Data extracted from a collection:
____

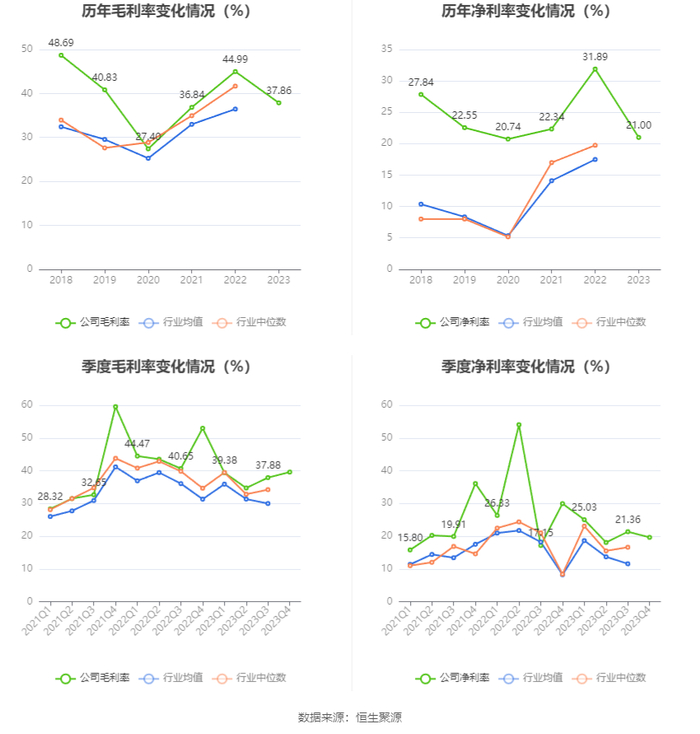 2023年,公司毛利率为37.86%,同比下降7.13个百分点;净利率为21.00%,较上年同期下降10.89个百分点。从单季度指标来看,2023年第四季度公司毛利率为39.58%,同比下降13.38个百分点,环比上升1.70个百分点;净利率为19.63%,较上年同期下降10.32个百分点,较上一季度下降1.73个百分点。
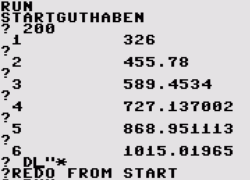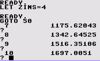 - Zeile 70: Dann wird Jahr und Guthaben auf den Bildschirm ausgegeben.
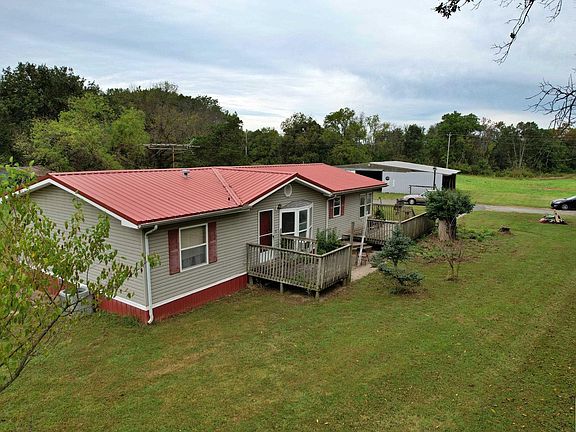 This charming 3 bed, 2 bath manufactured home on approximately +/- 9.67 acres provides a wonderful blend of comfort and country living. Nestled in a private setting with a creek, this property offers both serenity and space. The home features a cozy breakfast area and a separate dining room, perfect for family gatherings, and the kitchen includes a convenient island. Step outside to a spacious porch with a ramp, ideal for enjoying the peaceful surroundings. A barn on the property, previously used for stalls, offers additional space that has been utilized in the past, along with an area that once served as an outdoor arena. Whether you're seeking a quiet rural retreat or looking for room to expand, this property has incredible potential. Seller is offering the property "AS IS.
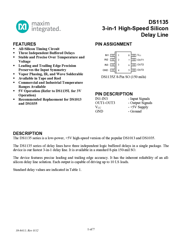 DS1135 3-in-1 High-Speed Silicon Delay Line
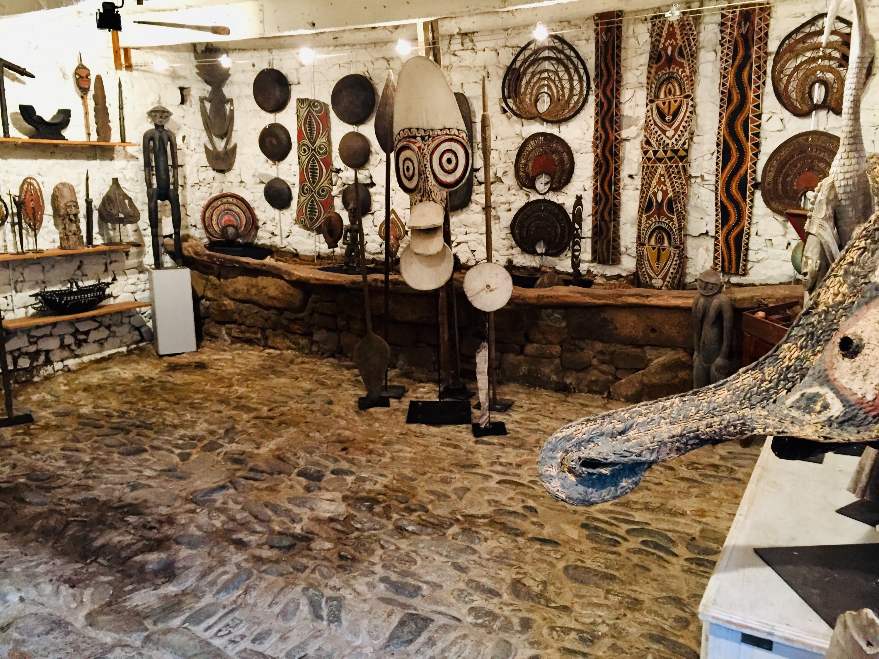 Venez nous voir en Bretagne ! Nous vous attendons pour découvrir notre nouvelle sélection de boucliers, lances, monnaies traditionnelles, masques, statues, tambours... à la galerie "La vieille Cave" dans le centre de Perros-Guirec sur la Côte de Granit Rose.
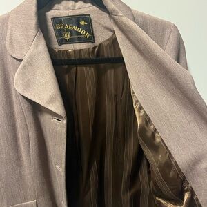 Timeless and elegant, this vintage Braemoor blazer features structured tailoring, wide notched lapels, and a warm taupe-brown tone.

____

Exactly retype each record above, dropping images.

 2023年,公司毛利率为37.86%,同比下降7.13个百分点;净利率为21.00%,较上年同期下降10.89个百分点。从单季度指标来看,2023年第四季度公司毛利率为39.58%,同比下降13.38个百分点,环比上升1.70个百分点;净利率为19.63%,较上年同期下降10.32个百分点,较上一季度下降1.73个百分点。
 - Zeile 70: Dann wird Jahr und Guthaben auf den Bildschirm ausgegeben.
 This charming 3 bed, 2 bath manufactured home on approximately +/- 9.67 acres provides a wonderful blend of comfort and country living. Nestled in a private setting with a creek, this property offers both serenity and space. The home features a cozy breakfast area and a separate dining room, perfect for family gatherings, and the kitchen includes a convenient island. Step outside to a spacious porch with a ramp, ideal for enjoying the peaceful surroundings. A barn on the property, previously used for stalls, offers additional space that has been utilized in the past, along with an area that once served as an outdoor arena. Whether you're seeking a quiet rural retreat or looking for room to expand, this property has incredible potential. Seller is offering the property "AS IS.
 DS1135 3-in-1 High-Speed Silicon Delay Line
 Venez nous voir en Bretagne ! Nous vous attendons pour découvrir notre nouvelle sélection de boucliers, lances, monnaies traditionnelles, masques, statues, tambours... à la galerie "La vieille Cave" dans le centre de Perros-Guirec sur la Côte de Granit Rose.
 Timeless and elegant, this vintage Braemoor blazer features structured tailoring, wide notched lapels, and a warm taupe-brown tone.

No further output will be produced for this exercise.